I don't feel like wasting time on hurting myself, but it's not as simple as "just don't do it."
Going to catch this now. I'm a few weeks in the making, but it can stop.
And I'll make it stop.
(somehow?)

but I need help
because I feel small
and I feel lousy
and I know if I try to do this solo, a lot of damage might be done

So what am I going to do?

First, I scheduled six appointments for this week. Going to do some self care to figure out what's up with my body.

One appointment was with just a regular family doctor. My issue with these docs is that it's always super in-and-out --- like you see them for 5 minutes tops. However, they're super fast to go, "Let's do bloodwork and figure this out!" and I like that. Bloodwork has solved problems for me in the past and given us answers, like when we found out I had hyperthyroidism as a child.

I went to the appointment yesterday and he quickly had me being tested for four or five different things.

Next I've got an appointment with the naturopath.

Now I won't say I'm 100% into naturopathy. Not at all.
But they are good at listening for a super long while, taking a full multi-hour look at my lifestyle, and then giving me good lifestyle advice to change things.

Things like, "Hey! Know how you feel sick when you eat diary?"
"Yeah."
"Well stop eating it, ok. It's doing a whole lot more to your system than just give you stomach aches."

And they didn't hesitate to say, "Know those reactions you're having in your throat to almonds?"
"Yeah."
"This is an EpiPen. Have it on you at all times. Your reaction may get worse over time and we're not going to have you in rural Alaska without it."

They're more likely to look at the car crash and see how it might connect or recent events in my life or diet.

Finally, and also quite importantly, I've got an appointment with my counselor/therapist human. Actually, I have two. I might try to start seeing her twice a week until I know I've got this under control.

This season is not for doing everything and seeing everyone, any more. It's gotta be for 

Sunday, April 5, 2015

cello amplification and a special effects pedal makes me be able to play stuff


About a week ago, I got a pickup for my cello. More on that another time.
On Easter, Dad hooked me up with his fx pedal thing.

And now.

I can make sounds like I could never make before.

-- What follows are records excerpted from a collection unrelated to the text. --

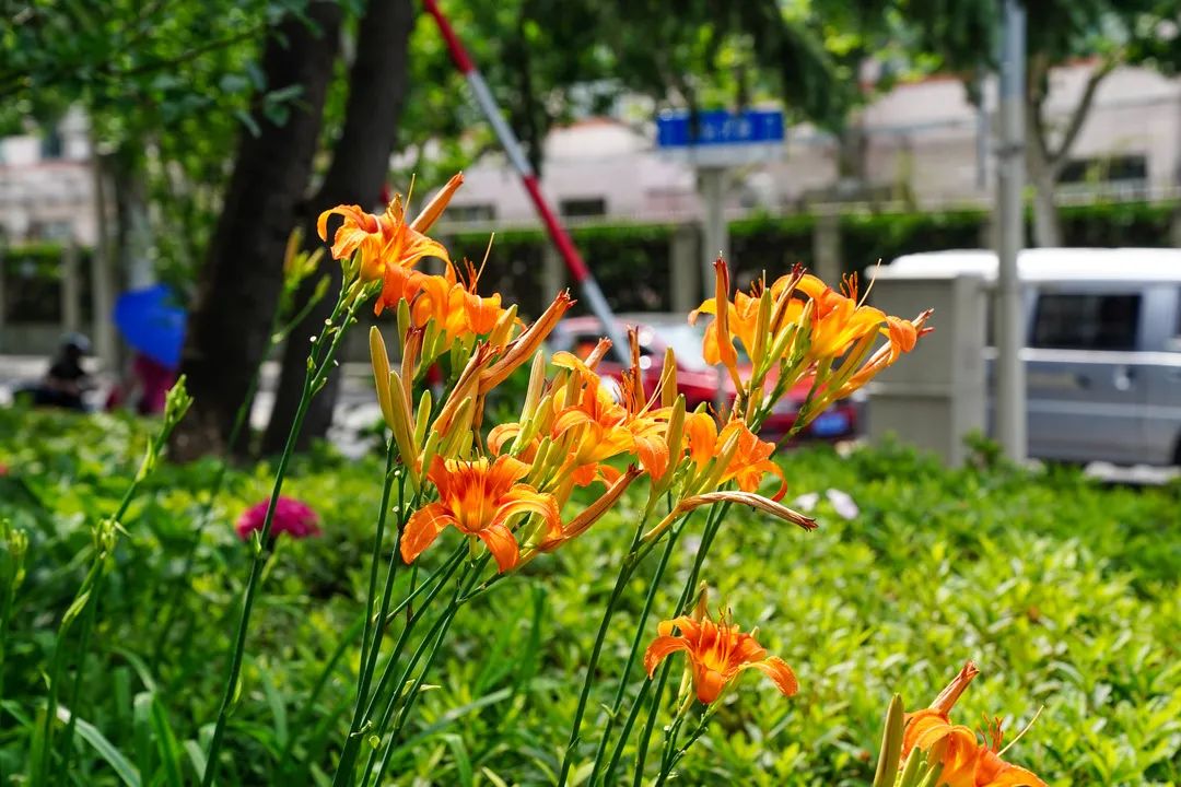 晚春早夏,多雨高温,萱草在树荫下生长,明艳的橙黄宣告着夏天的到来。
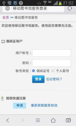 短信快速注册是针对手机访问移动图书馆时使用。短信快速注册如图3只需把个人手机号和邮箱填入并点击申请即可完成,随即会收到一个链接地址,这个地址就是个人以后访问移动图书馆的网络地址。注:这个链接地址是唯一的,不能用另外一部手机进行访问.
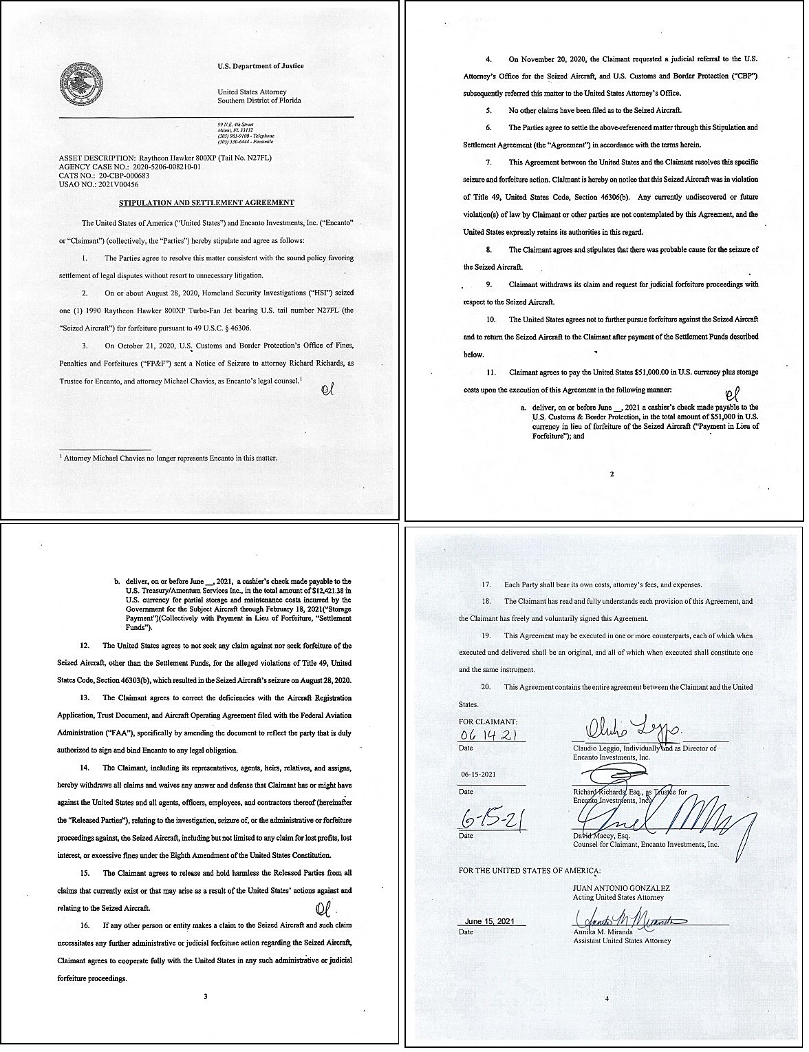 Como parte de los términos del convenio, la empresa vinculada a la familia Leggio realizó un pago bajo la figura jurídica de Payment in Lieu of Forfeiture (pago en lugar de decomiso), el cual cubrió además los costos de almacenamiento y custodia de la aeronave generados durante el periodo de retención. A cambio, el Gobierno de los Estados Unidos se comprometió a la devolución inmediata del activo y a desistir de cualquier acción legal futura relacionada con estos hechos específicos.
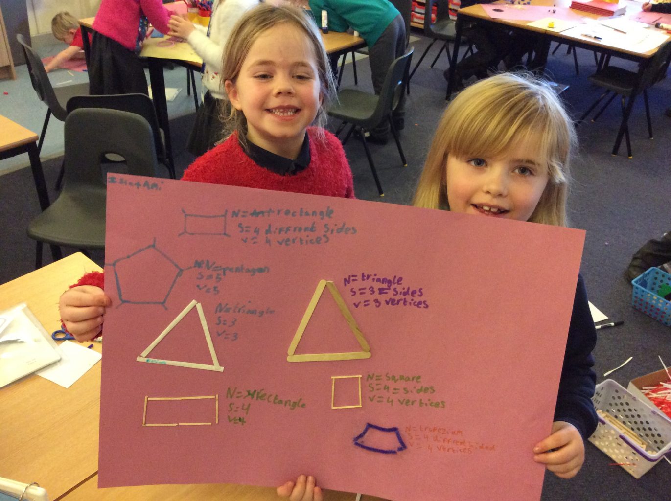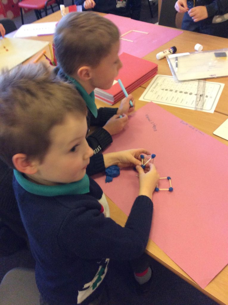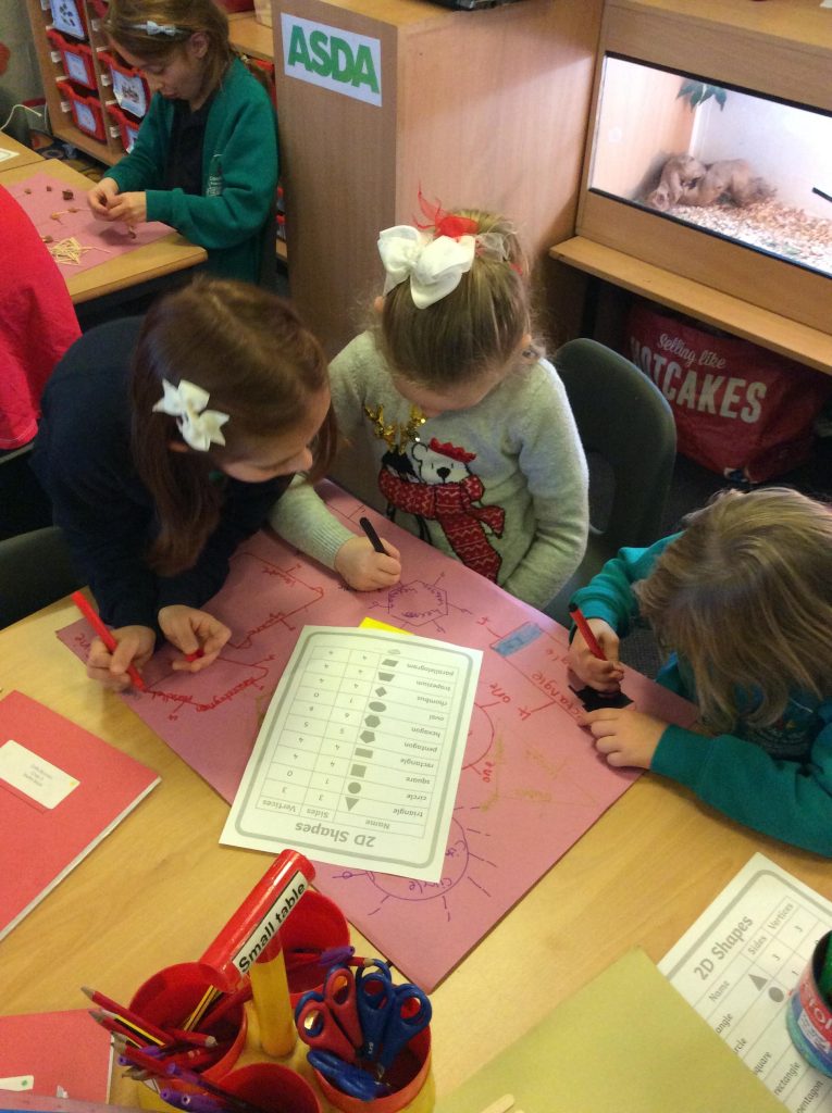In maths we have all been working on shape. Identifying which shape is which and recognising the properties of shape. We are getting much better at labelling the number of sides and vertices of each shape.
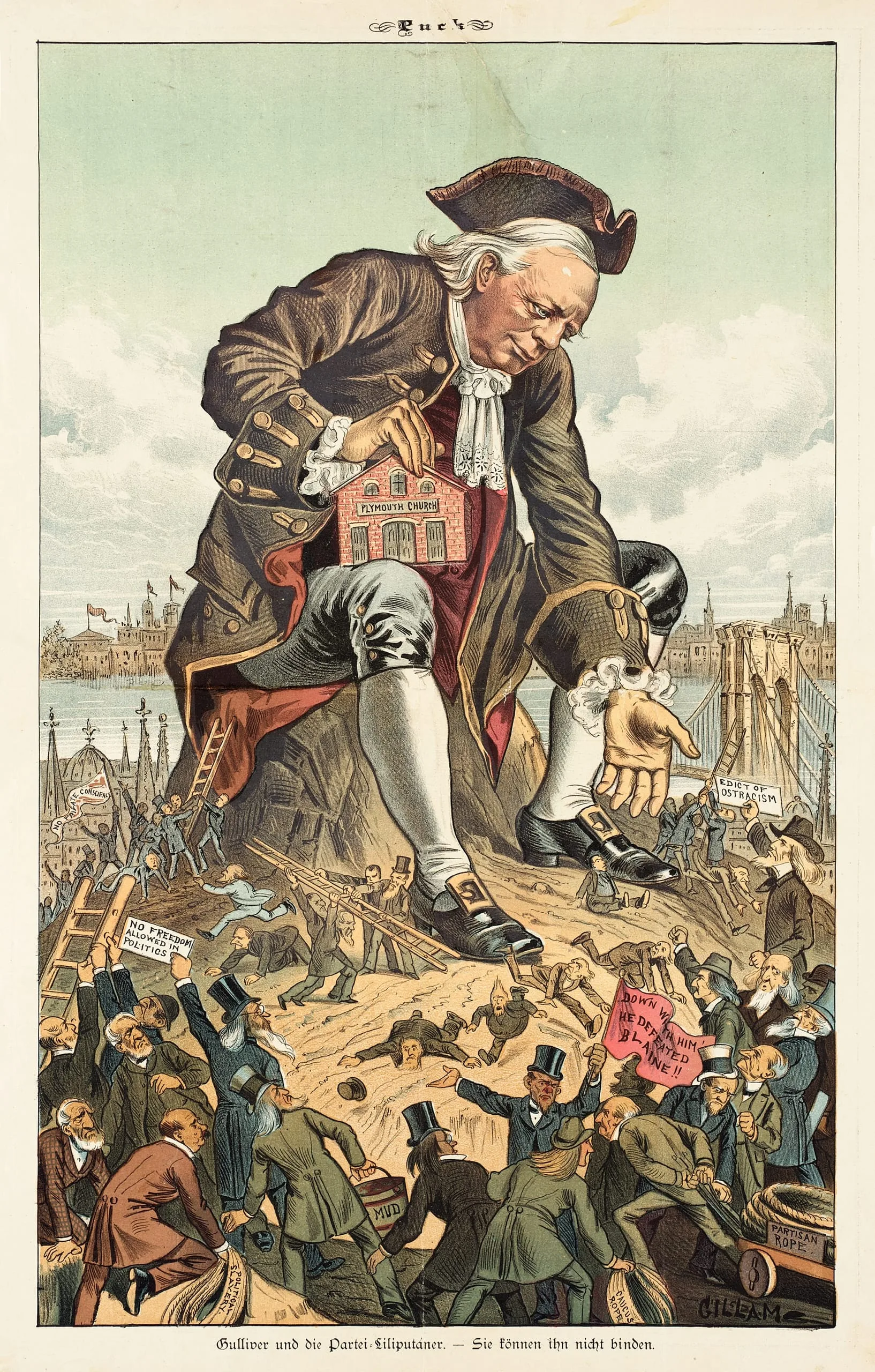 Color chromolithograph from Puck magazine showing a giant man in 18th-century dress towering over a crowd of tiny figures pulling ropes around his feet, with a city skyline in the distance

I can sound hella distorted and angry. I can sound super outlandishly cool. I can make all these sounds.

And it is so exciting.

It makes me feel like all this teenage angst I didn't even know I could have is gushing out.

I wanted to dig the bow in harder and harder and play louder and louder and I wanted more and more distortion.

TAKE THIS HUMANS WHO ALWAYS PLAYED OVER ME IN SHOWS AND MADE ME PLAY FORTE THE WHOLE TIME AND I WAS MAD CAUSE I WANTED TO PLAY PIANO AND STILL BE ABLE TO HEAR MYSELF BUT YOU ARE ALL SO LOUD THAT I CAN ONLY PLAY ONE DYNAMIC TO EVEN BEGIN TO PARTIALLY HEAR MYSELF IT AT ALL.

Dad joined in and we tore those hymns to shredsss.


I can now play tributes to Jimi Hendrix on my cello and that is just so, so great.
This feels so empowering.

You guys.. I want to play with all the angry musicians and make angry music together because now I, too, can sound angry. If you are in an angry band and want an angry cellist, let me know. I will play extra angry with you. I can play a mean Amazing Grace.